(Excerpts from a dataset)
# # #

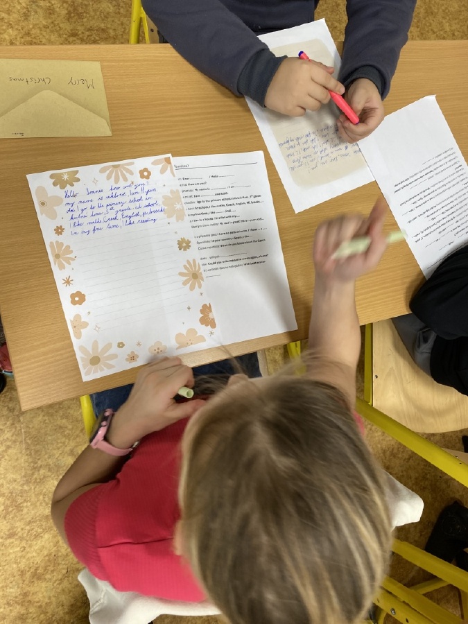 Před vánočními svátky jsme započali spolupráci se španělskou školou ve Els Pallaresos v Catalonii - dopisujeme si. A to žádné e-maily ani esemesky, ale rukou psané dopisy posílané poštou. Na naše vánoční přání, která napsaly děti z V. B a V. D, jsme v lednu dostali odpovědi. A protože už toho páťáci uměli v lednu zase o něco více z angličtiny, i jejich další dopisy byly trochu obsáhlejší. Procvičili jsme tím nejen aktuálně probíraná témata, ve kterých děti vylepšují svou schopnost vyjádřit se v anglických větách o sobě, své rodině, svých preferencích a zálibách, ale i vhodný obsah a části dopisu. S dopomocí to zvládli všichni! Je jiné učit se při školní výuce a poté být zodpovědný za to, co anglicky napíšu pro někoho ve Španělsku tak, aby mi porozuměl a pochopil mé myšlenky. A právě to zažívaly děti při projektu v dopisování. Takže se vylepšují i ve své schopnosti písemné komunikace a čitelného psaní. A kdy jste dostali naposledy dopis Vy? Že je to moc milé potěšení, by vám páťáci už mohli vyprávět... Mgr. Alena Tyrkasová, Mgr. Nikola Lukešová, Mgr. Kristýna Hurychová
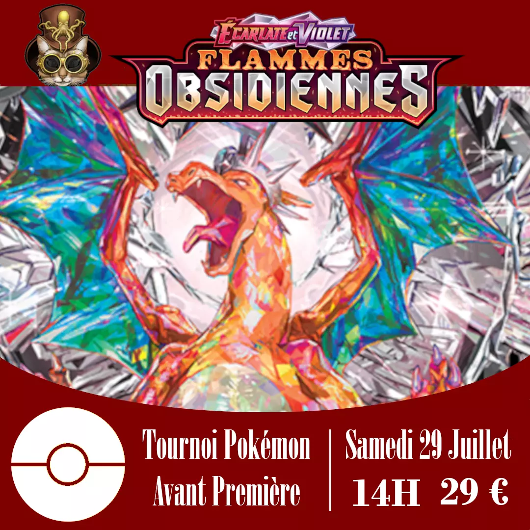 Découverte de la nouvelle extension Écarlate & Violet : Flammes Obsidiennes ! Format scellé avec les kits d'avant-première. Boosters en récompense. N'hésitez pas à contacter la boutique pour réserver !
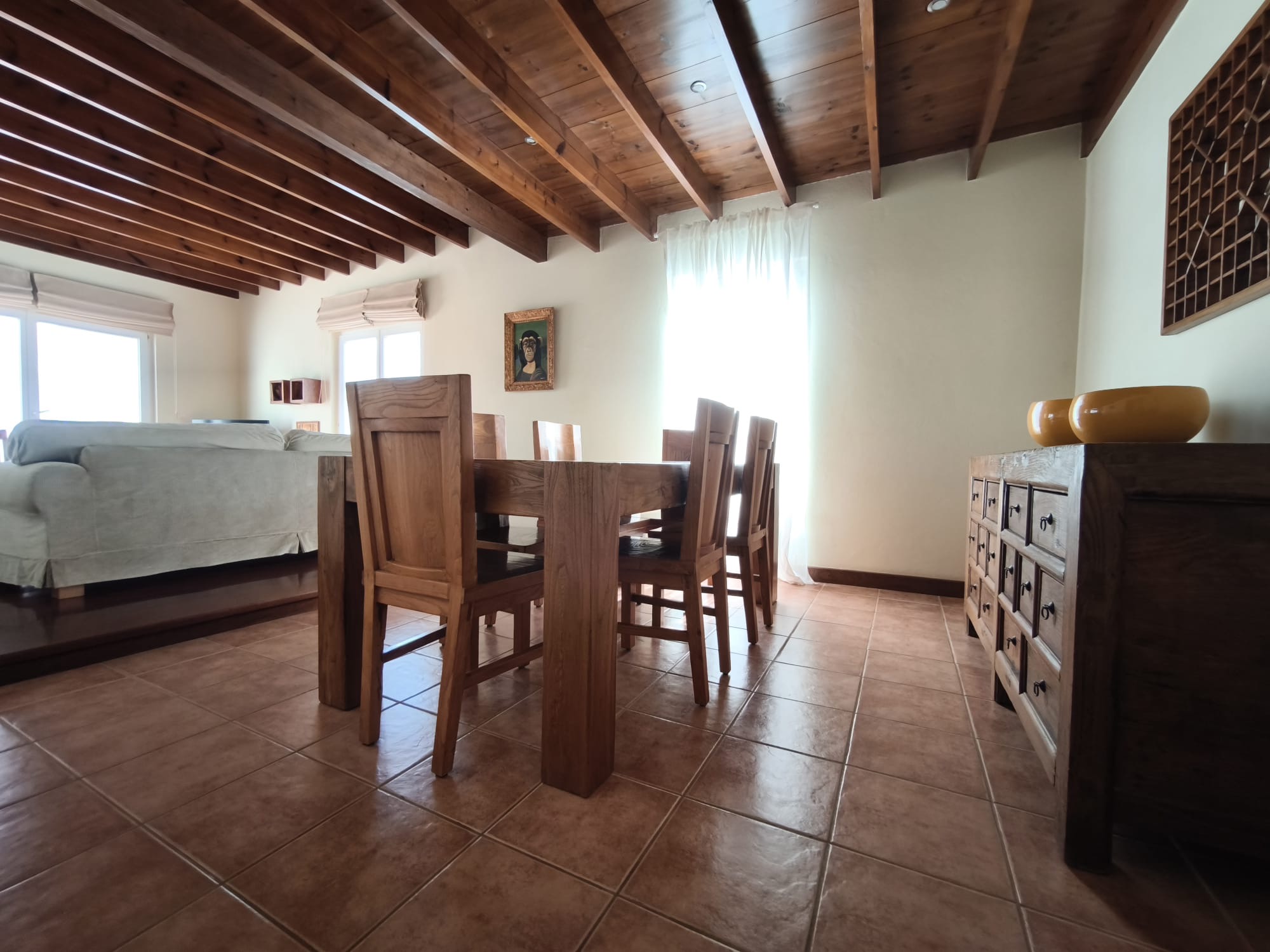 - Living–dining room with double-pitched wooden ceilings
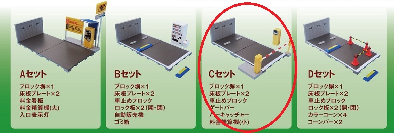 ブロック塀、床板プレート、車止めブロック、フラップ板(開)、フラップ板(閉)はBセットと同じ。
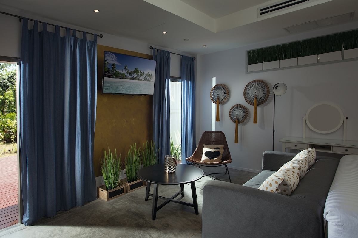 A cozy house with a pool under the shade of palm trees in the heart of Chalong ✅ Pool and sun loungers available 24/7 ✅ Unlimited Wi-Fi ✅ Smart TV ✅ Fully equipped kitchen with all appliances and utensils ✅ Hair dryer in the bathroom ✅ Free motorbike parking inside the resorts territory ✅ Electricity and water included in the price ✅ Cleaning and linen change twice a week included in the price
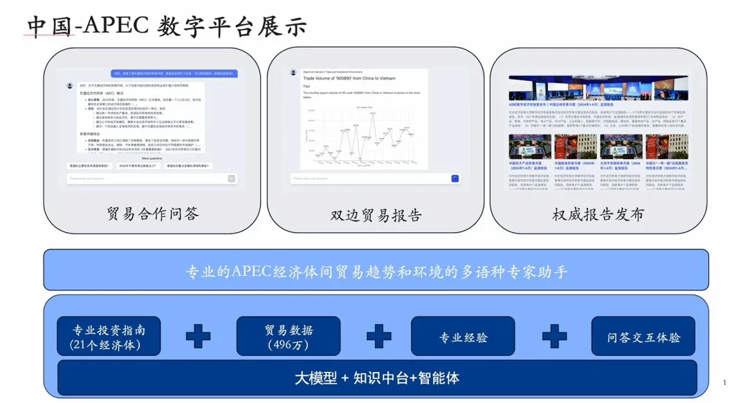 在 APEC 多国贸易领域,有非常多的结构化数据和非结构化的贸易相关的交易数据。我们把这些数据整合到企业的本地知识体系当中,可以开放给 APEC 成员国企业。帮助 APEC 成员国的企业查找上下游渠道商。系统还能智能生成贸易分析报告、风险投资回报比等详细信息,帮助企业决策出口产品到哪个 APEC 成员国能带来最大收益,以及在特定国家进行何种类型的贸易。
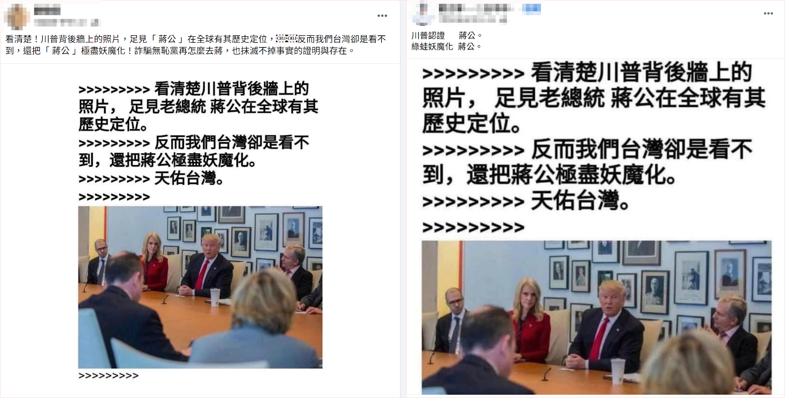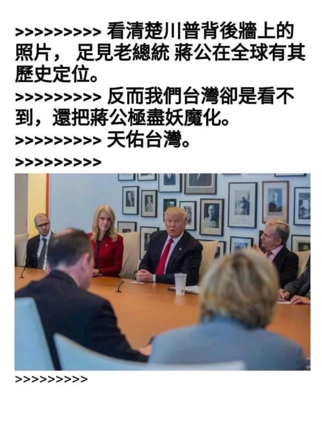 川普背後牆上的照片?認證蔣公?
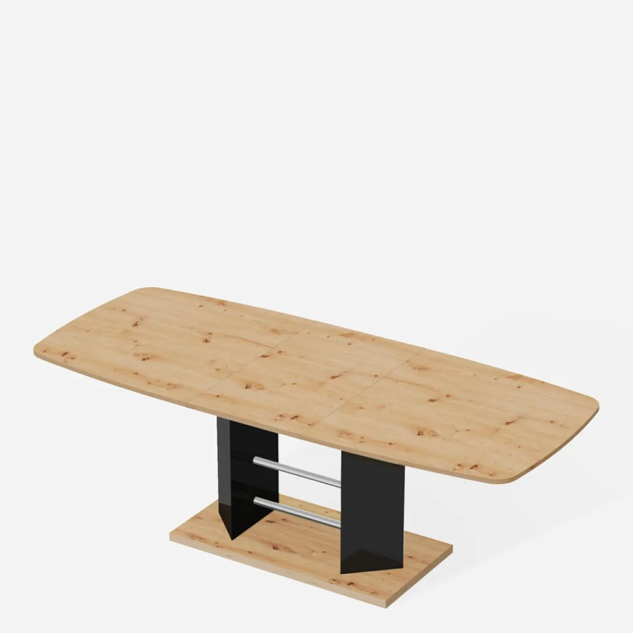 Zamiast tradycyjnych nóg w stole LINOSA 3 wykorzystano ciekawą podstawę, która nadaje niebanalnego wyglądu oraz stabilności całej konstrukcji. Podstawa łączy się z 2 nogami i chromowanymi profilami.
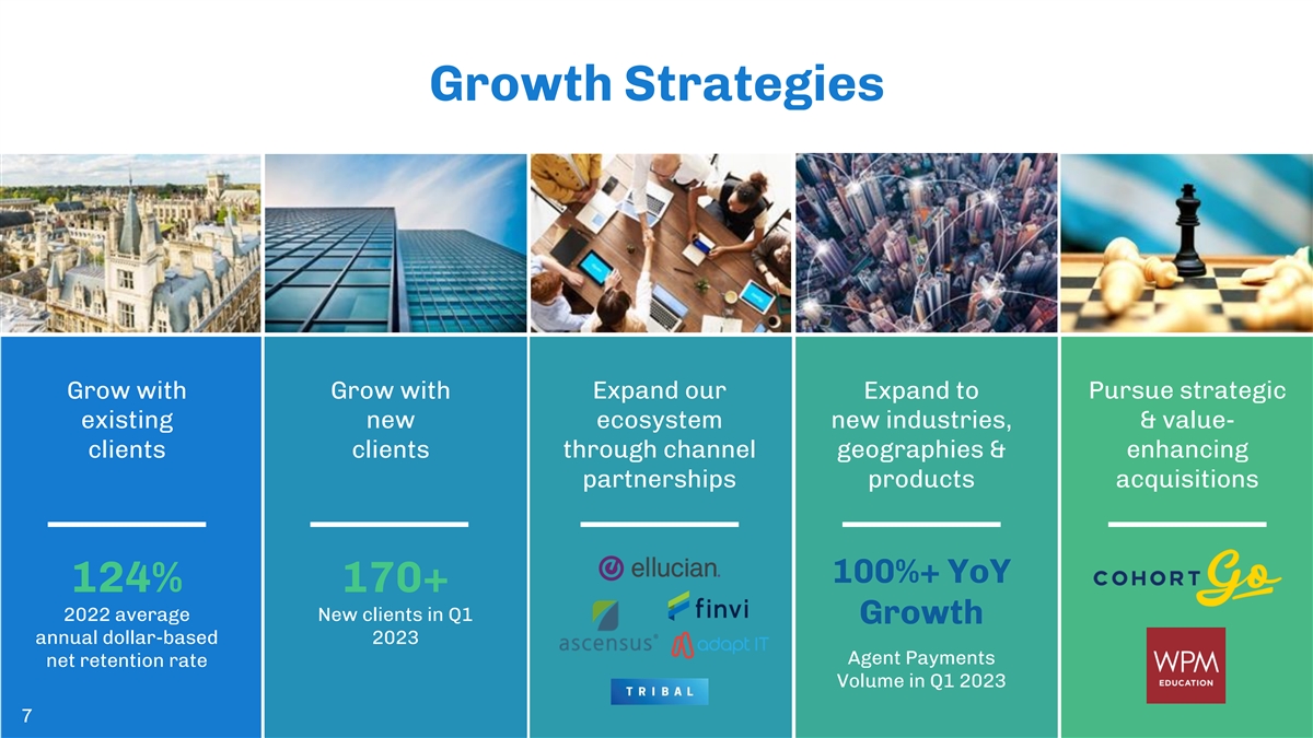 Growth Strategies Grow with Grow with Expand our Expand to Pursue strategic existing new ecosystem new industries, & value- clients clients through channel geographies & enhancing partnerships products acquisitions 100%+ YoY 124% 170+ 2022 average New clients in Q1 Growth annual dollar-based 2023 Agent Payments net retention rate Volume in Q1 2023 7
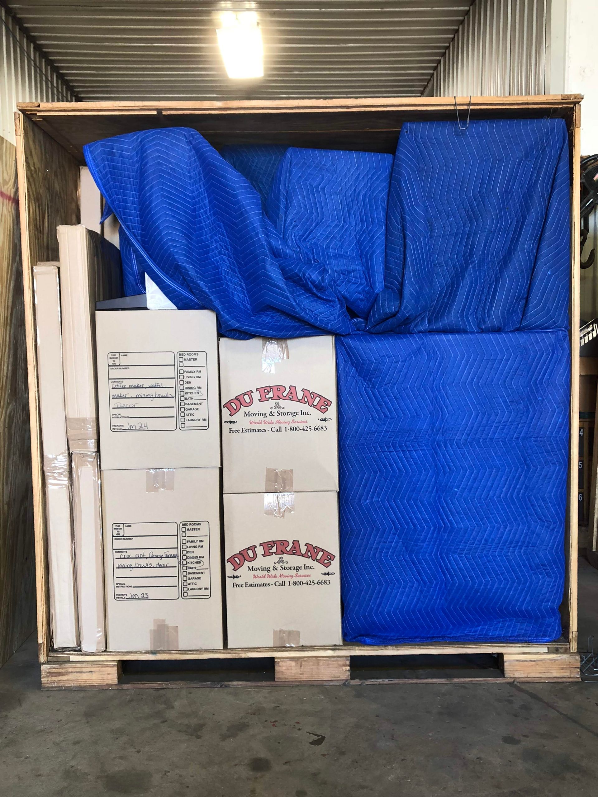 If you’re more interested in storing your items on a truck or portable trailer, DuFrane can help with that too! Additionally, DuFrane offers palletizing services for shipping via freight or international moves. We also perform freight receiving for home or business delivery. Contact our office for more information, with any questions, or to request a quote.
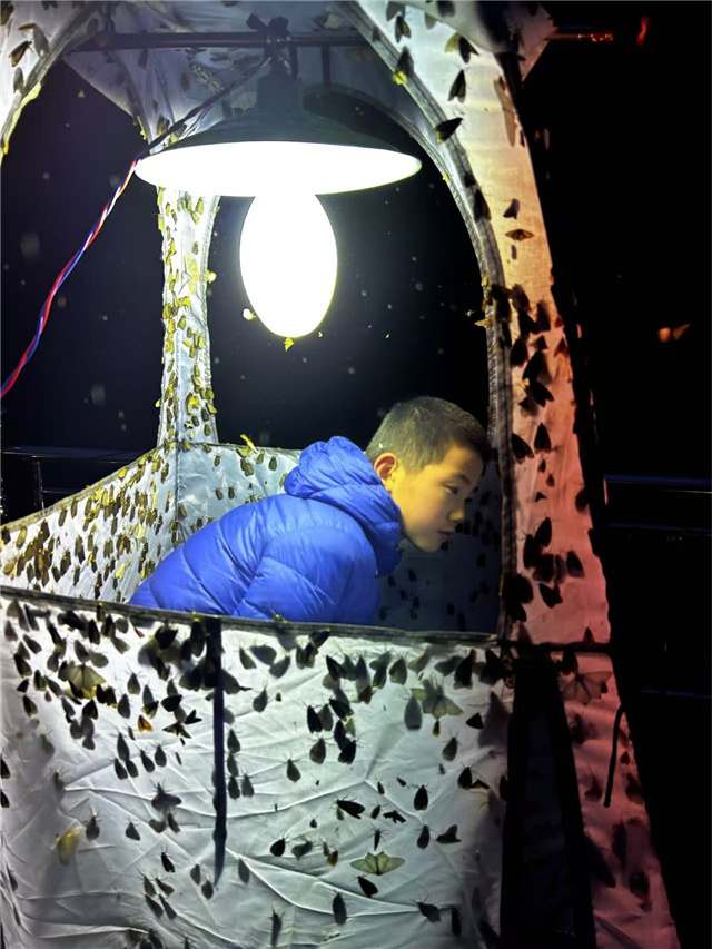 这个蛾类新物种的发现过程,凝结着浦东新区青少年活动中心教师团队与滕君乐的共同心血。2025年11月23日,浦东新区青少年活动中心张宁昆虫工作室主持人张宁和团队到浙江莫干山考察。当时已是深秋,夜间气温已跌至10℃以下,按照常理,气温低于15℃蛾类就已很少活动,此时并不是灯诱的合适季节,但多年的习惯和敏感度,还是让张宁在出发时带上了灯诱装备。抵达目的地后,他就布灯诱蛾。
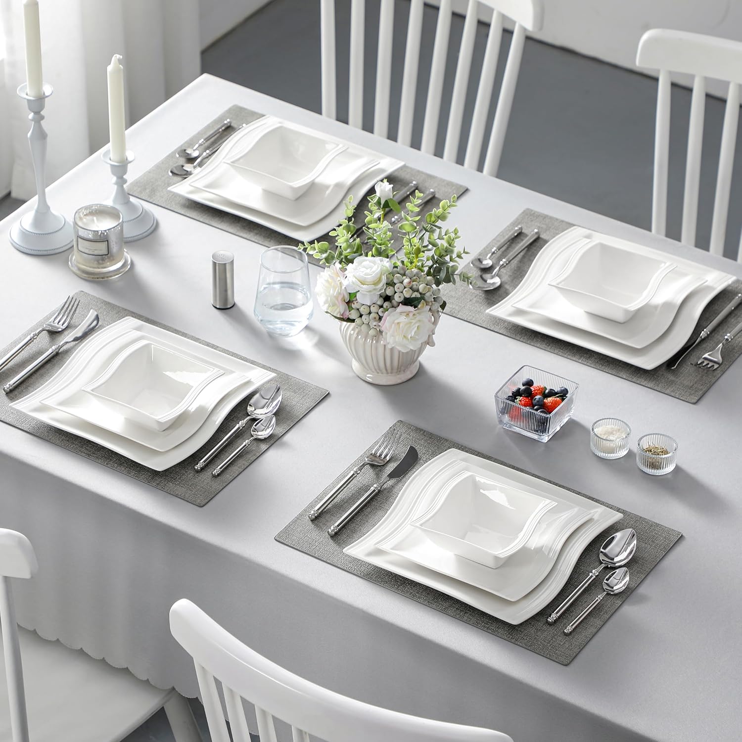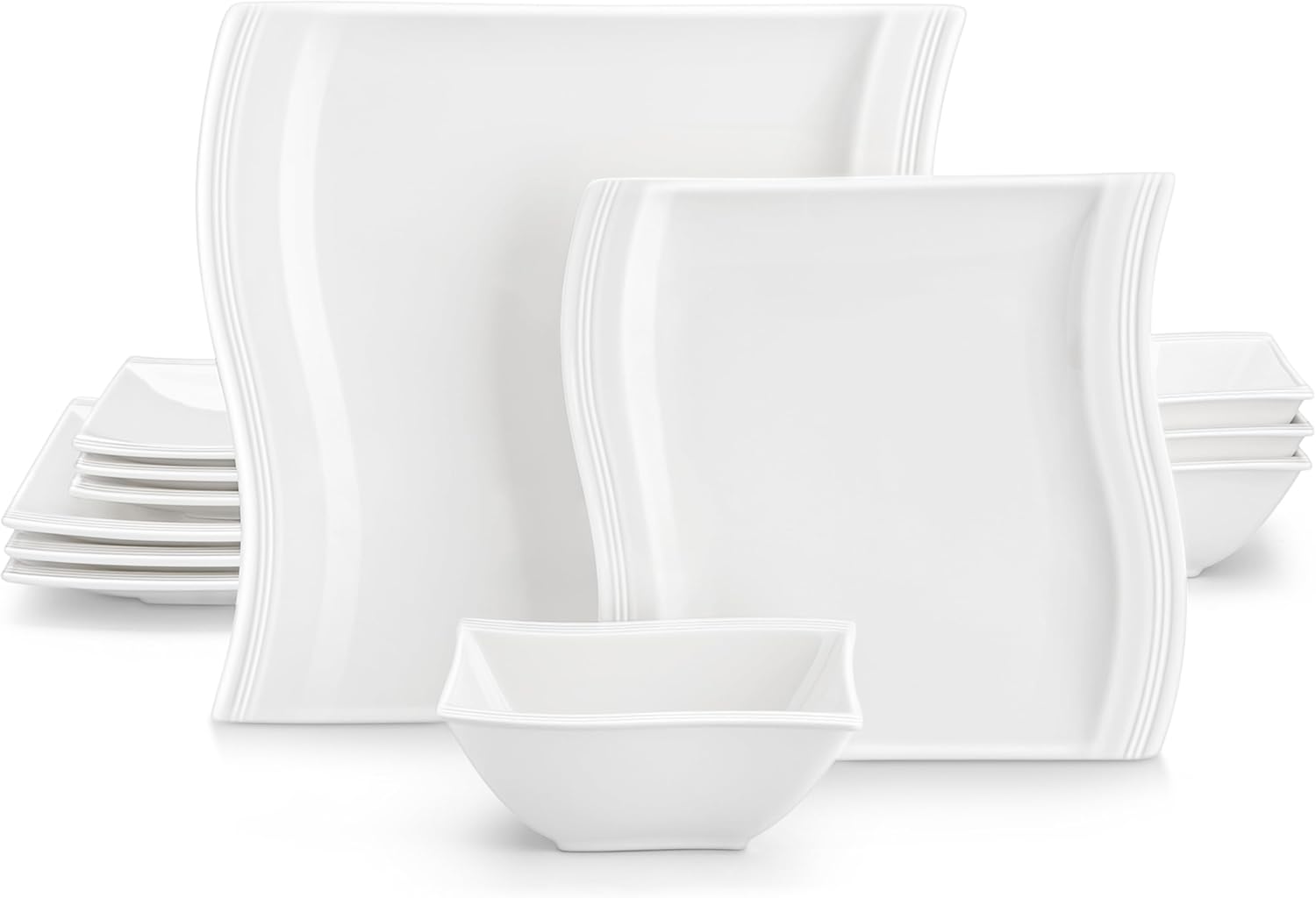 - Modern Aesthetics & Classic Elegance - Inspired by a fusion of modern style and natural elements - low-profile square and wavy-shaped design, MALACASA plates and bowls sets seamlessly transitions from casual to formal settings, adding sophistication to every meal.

# # #

• Task requirements: Your answer is the exact run of lines above from the one with "APEC 成员国企业。帮助 APEC" through the one with "Zamiast tradycyjnych nóg", both ends included, minus any picture.

• Response below:
 在 APEC 多国贸易领域,有非常多的结构化数据和非结构化的贸易相关的交易数据。我们把这些数据整合到企业的本地知识体系当中,可以开放给 APEC 成员国企业。帮助 APEC 成员国的企业查找上下游渠道商。系统还能智能生成贸易分析报告、风险投资回报比等详细信息,帮助企业决策出口产品到哪个 APEC 成员国能带来最大收益,以及在特定国家进行何种类型的贸易。
 川普背後牆上的照片?認證蔣公?
 Zamiast tradycyjnych nóg w stole LINOSA 3 wykorzystano ciekawą podstawę, która nadaje niebanalnego wyglądu oraz stabilności całej konstrukcji. Podstawa łączy się z 2 nogami i chromowanymi profilami.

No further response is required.